Exact reproduction is required for the lines below starting at the line with "Kids boy top, front" and ending at the line with "当日は、アークランズのスタッ", both included. No other lines, and no pictures.

• [Records to process]:

*-*-*

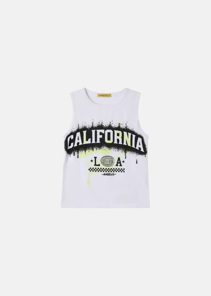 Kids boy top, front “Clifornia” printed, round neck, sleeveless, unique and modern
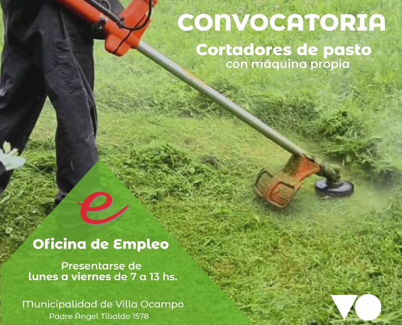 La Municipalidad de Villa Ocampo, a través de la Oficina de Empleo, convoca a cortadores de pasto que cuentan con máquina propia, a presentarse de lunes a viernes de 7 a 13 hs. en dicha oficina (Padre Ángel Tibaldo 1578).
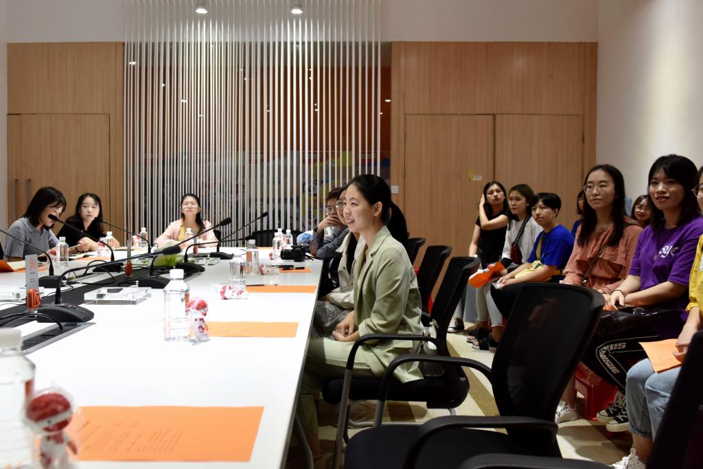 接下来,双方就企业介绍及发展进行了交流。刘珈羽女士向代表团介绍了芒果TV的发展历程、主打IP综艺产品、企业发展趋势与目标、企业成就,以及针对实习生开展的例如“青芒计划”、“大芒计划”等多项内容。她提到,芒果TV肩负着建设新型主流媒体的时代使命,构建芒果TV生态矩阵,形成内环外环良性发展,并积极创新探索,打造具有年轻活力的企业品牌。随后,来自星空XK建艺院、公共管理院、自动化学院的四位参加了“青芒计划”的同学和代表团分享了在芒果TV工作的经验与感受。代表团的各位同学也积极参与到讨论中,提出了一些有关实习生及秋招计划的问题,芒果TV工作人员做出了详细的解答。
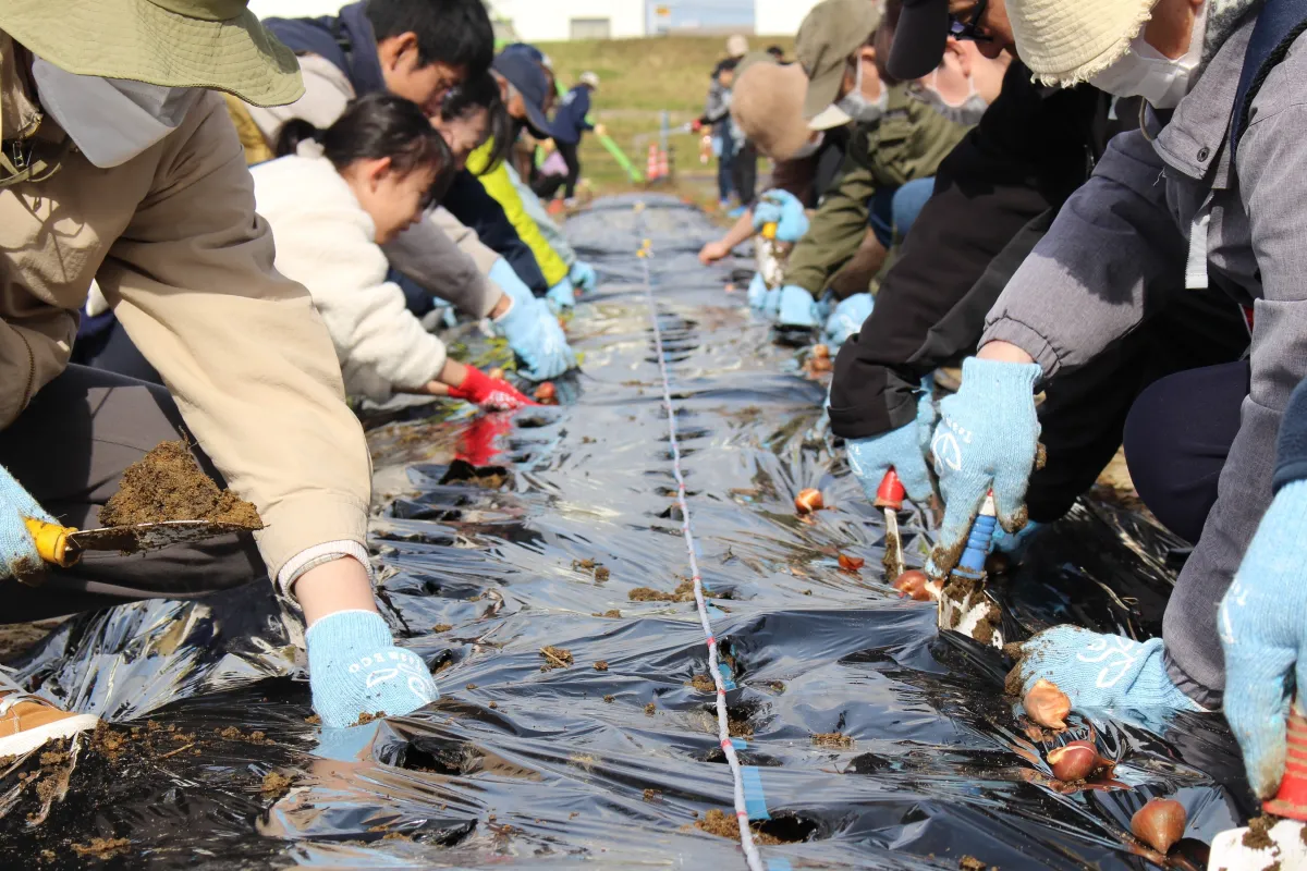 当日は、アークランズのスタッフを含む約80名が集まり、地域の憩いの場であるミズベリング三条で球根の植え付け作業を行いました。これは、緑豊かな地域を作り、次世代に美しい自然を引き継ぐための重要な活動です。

*-*-*

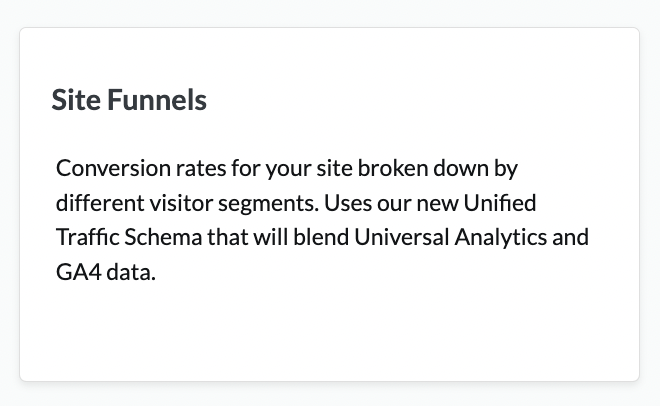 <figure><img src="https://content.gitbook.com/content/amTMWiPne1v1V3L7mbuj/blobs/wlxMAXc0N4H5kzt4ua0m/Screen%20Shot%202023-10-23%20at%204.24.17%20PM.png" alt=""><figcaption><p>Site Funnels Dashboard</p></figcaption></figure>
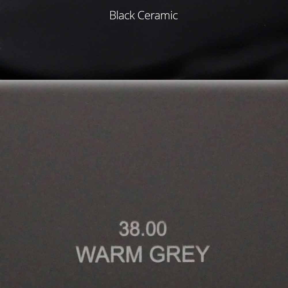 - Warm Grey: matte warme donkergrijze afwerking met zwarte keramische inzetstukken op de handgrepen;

*-*-*

• [Answer below]:
 Kids boy top, front “Clifornia” printed, round neck, sleeveless, unique and modern
 La Municipalidad de Villa Ocampo, a través de la Oficina de Empleo, convoca a cortadores de pasto que cuentan con máquina propia, a presentarse de lunes a viernes de 7 a 13 hs. en dicha oficina (Padre Ángel Tibaldo 1578).
 接下来,双方就企业介绍及发展进行了交流。刘珈羽女士向代表团介绍了芒果TV的发展历程、主打IP综艺产品、企业发展趋势与目标、企业成就,以及针对实习生开展的例如“青芒计划”、“大芒计划”等多项内容。她提到,芒果TV肩负着建设新型主流媒体的时代使命,构建芒果TV生态矩阵,形成内环外环良性发展,并积极创新探索,打造具有年轻活力的企业品牌。随后,来自星空XK建艺院、公共管理院、自动化学院的四位参加了“青芒计划”的同学和代表团分享了在芒果TV工作的经验与感受。代表团的各位同学也积极参与到讨论中,提出了一些有关实习生及秋招计划的问题,芒果TV工作人员做出了详细的解答。
 当日は、アークランズのスタッフを含む約80名が集まり、地域の憩いの場であるミズベリング三条で球根の植え付け作業を行いました。これは、緑豊かな地域を作り、次世代に美しい自然を引き継ぐための重要な活動です。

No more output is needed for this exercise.